** WHAT YOU WILL DO **
Please write out only the lines from the line with "MARY BAUERMEISTER(1934 - 2023)Attention" to the line with "Cuve sous plan", inclusive, exactly as they stand below, without the pictures.

** DATA UNDER STUDY **

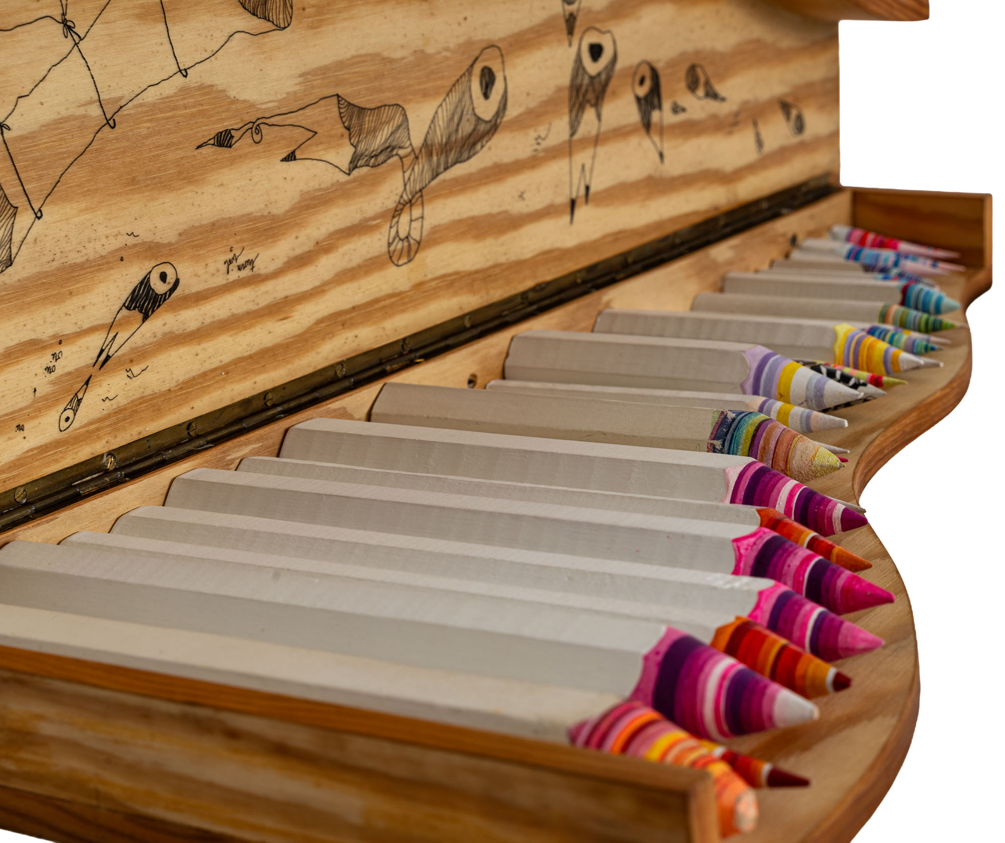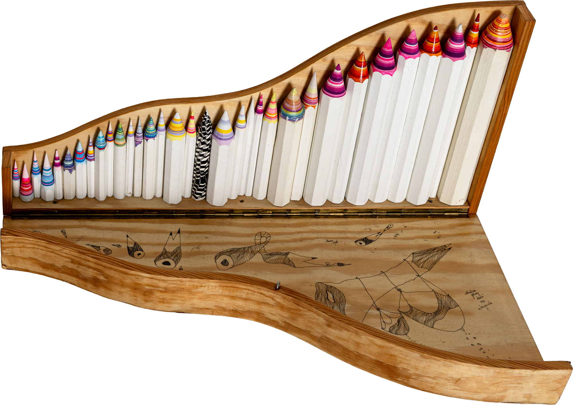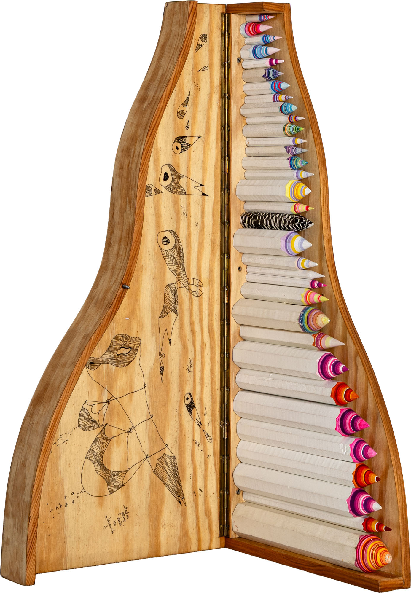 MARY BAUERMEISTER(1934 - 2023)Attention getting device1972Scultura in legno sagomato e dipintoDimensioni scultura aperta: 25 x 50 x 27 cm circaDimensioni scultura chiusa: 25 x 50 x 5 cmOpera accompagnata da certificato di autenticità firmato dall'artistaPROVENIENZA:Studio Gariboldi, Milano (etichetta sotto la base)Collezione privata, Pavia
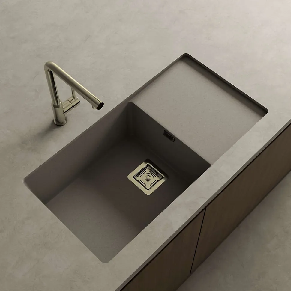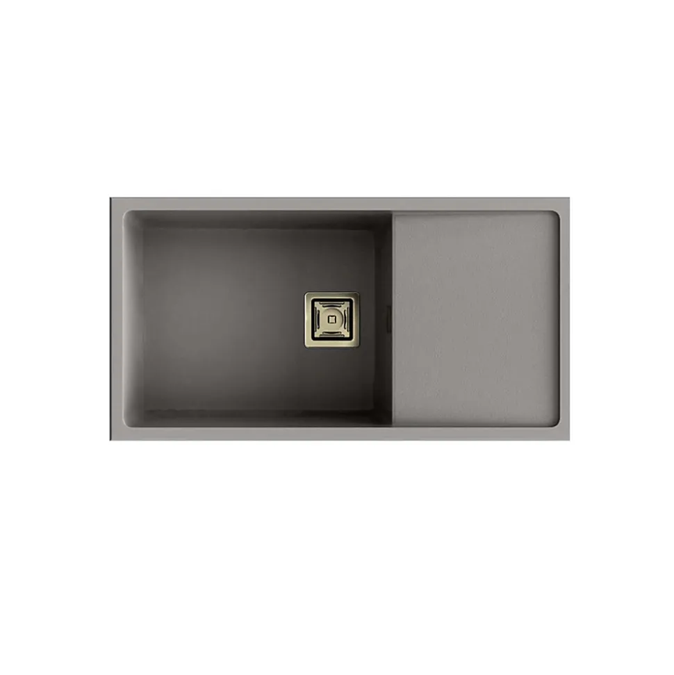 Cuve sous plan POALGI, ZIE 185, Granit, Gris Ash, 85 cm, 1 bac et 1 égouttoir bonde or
* * *
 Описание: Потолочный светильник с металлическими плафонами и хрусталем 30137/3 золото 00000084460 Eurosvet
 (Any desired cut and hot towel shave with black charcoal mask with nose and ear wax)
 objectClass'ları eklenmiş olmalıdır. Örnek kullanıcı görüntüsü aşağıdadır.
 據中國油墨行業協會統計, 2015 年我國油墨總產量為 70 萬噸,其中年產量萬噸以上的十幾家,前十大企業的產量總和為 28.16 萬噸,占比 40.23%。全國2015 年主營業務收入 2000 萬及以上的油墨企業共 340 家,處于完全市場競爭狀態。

** SOLUTION FOR THIS EXERCISE **
 MARY BAUERMEISTER(1934 - 2023)Attention getting device1972Scultura in legno sagomato e dipintoDimensioni scultura aperta: 25 x 50 x 27 cm circaDimensioni scultura chiusa: 25 x 50 x 5 cmOpera accompagnata da certificato di autenticità firmato dall'artistaPROVENIENZA:Studio Gariboldi, Milano (etichetta sotto la base)Collezione privata, Pavia
 Cuve sous plan POALGI, ZIE 185, Granit, Gris Ash, 85 cm, 1 bac et 1 égouttoir bonde or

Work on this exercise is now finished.